CCCC(O)(CO)CC1CC1CN)Dataset Subsets
| Subset | Size | Description |
|---|---|---|
| C/N/O Set | ~910.1M | Molecules containing up to 13 atoms of Carbon, Nitrogen, and Oxygen. |
| Cl/S Set | ~67.4M | Molecules containing up to 13 atoms, adding Sulfur (aromatic heterocycles, sulfones, sulfonamides, thioureas) and Chlorine (aromatic substituents). |
Related Datasets
| Dataset | Relationship | Link |
|---|---|---|
| GDB-11 | Predecessor | Notes |
| GDB-17 | Successor | Notes |
Key Contribution
The creation and release of the 977.4 million-compound GDB-13, a significant expansion in molecular size (up to 13 atoms) and elemental diversity (including S and Cl) made possible by key algorithmic optimizations that significantly accelerated the enumeration process.
Overview
GDB-13 extends the systematic enumeration of drug-like chemical space to molecules containing up to 13 atoms of Carbon, Nitrogen, Oxygen, Sulfur, and Chlorine. Building on the methodology established in GDB-11, this database represents a 37-fold increase in size while maintaining 100% Lipinski compliance for virtual screening applications. The enumeration results in a vast array of cyclic topologies, where 54% of the database comprises molecules with at least one three- or four-membered ring.
Strengths
- Systematic coverage of structures with up to 13 atoms
- High drug-likeness: 100% Lipinski compliance and 99.5% Vieth compliance
- High proportion of leadlike (98.9%) and fragmentlike (45.1%) molecules
- Structural novelty providing fragments absent from established databases like ZINC, ACX, and PubChem
Limitations
- Limited to small molecules with up to 13 atoms of C, N, O, S, and Cl
- Omits 66.2% of known chemical space up to 13 atoms found in external databases
- Excludes specific nonenumerated elements (F, Br, I, P, Si, metals) and functional groups (chlorine on nonaromatic carbons, mercaptans, sulfoxides, enamines, allenes)
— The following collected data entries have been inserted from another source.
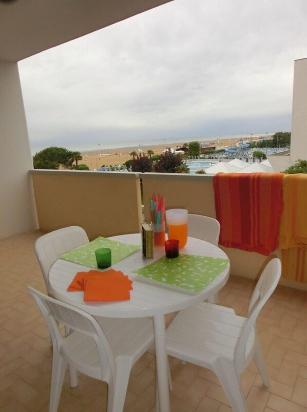 Sea view flat with balcony and pool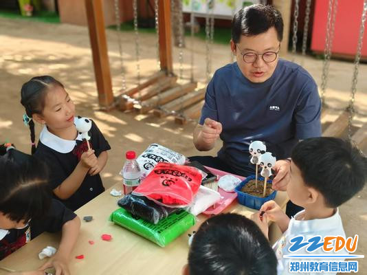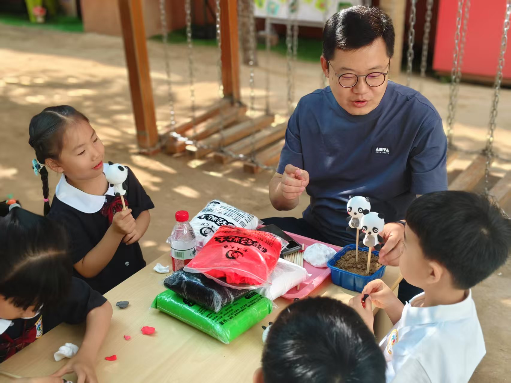 活动当天,郑州艺术幼儿师范学校党委委员、实训处主任朱冬梅带领非遗专业师生,带着精心准备的材料和工具来到郑州市实验幼儿园。在面塑体验区,河南省省级非物质文化遗产面塑项目代表性传承人、面塑教师崔勇锐,手持彩色面团,向孩子们示范捏制憨态可掬的小熊猫。将面团揉圆做身子、搓条塑四肢、点缀黑豆般的眼睛……孩子们目不转睛地学习,小手跟着上下翻飞,不一会儿,形态各异的“熊猫家族”便诞生了,孩子们稚嫩的声音中满是成就感。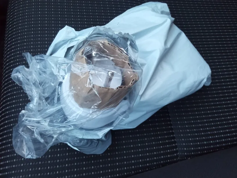 привез курьер(первый раз такое, живу в глухомани) ровно через 2 недели с момента заказа, при этом, судя по трэку, неделю был на сортировке в 300км от меня, косяк почты. продавца рекомендую, все целое, пришло в пакете.

- Excludes highly strained molecules and highly polar combinations
- Consists entirely of computer-generated structures pending experimental validation
Technical Notes
Algorithmic Approach
Type: Rule-Based Combinatorial Graph Enumeration
This approach relies on combinatorial enumeration. It utilizes a rule-based graph generation algorithm (GENG) paired with chemical stability filters to construct the dataset.
Process:
- Start with mathematical graphs representing saturated hydrocarbons up to 13 nodes using GENG (non-planar graphs discarded)
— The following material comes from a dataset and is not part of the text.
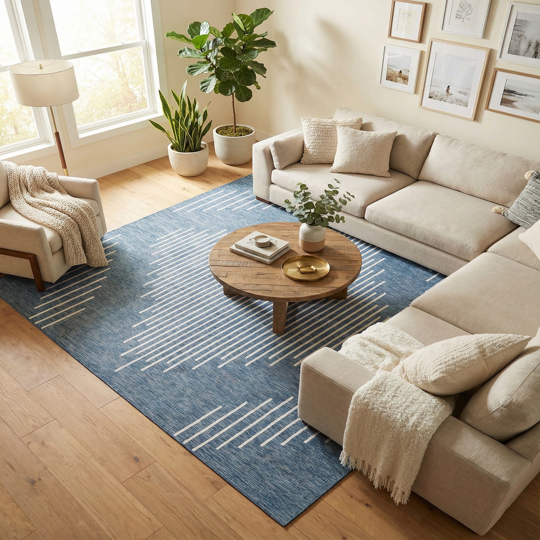 Primary color is Blue. Colors in this rug include: Blue, Ivory.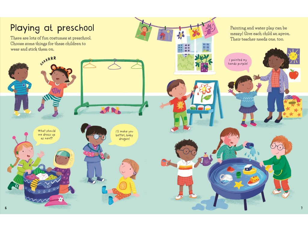 Děti si zamilují svobodu výběru oblečení pro různé postavy v různých scénách, od deštivého dne v lesní škole až po horký a slunečný výlet na pláž.

- Apply topological filters to remove highly strained small ring systems (e.g., fused cyclopropanes and bridgehead 3/4-membered rings)
- Generate 3D structures via CORINA or ChemAxon to apply a 3D volume-based strain filter. The local strain of a tetravalent carbon is estimated by the volume $V$ of the tetrahedron formed by extending a $1 \text{ \AA}$ line along its four single bonds. Hydrocarbons with planar or pyramidal carbon centers are discarded if: $$ V < 0.345 \text{ \AA}^3 $$
- Introduce unsaturations and heteroatoms through systematic substitution
- Apply chemical rule filters and element-ratio heuristics to ensure stability and drug-likeness
- Apply post-processing algorithms to introduce nitro groups, nitriles, aromatic chlorines, thiophenes, sulfonamides, and thioureas
Key Optimization: Replaced computationally expensive MM2 minimization (used in GDB-11) with a fast geometry-based estimation of strained polycyclic ring systems, combined with fast “element-ratio” filters. This achieved a 6.4-fold speedup in structure validation early in the pipeline.
Differences from GDB-11
- Element Selection: Fluorine removed from allowed elements; sulfur and chlorine added for higher drug relevance (e.g., thiophenes, sulfonamides).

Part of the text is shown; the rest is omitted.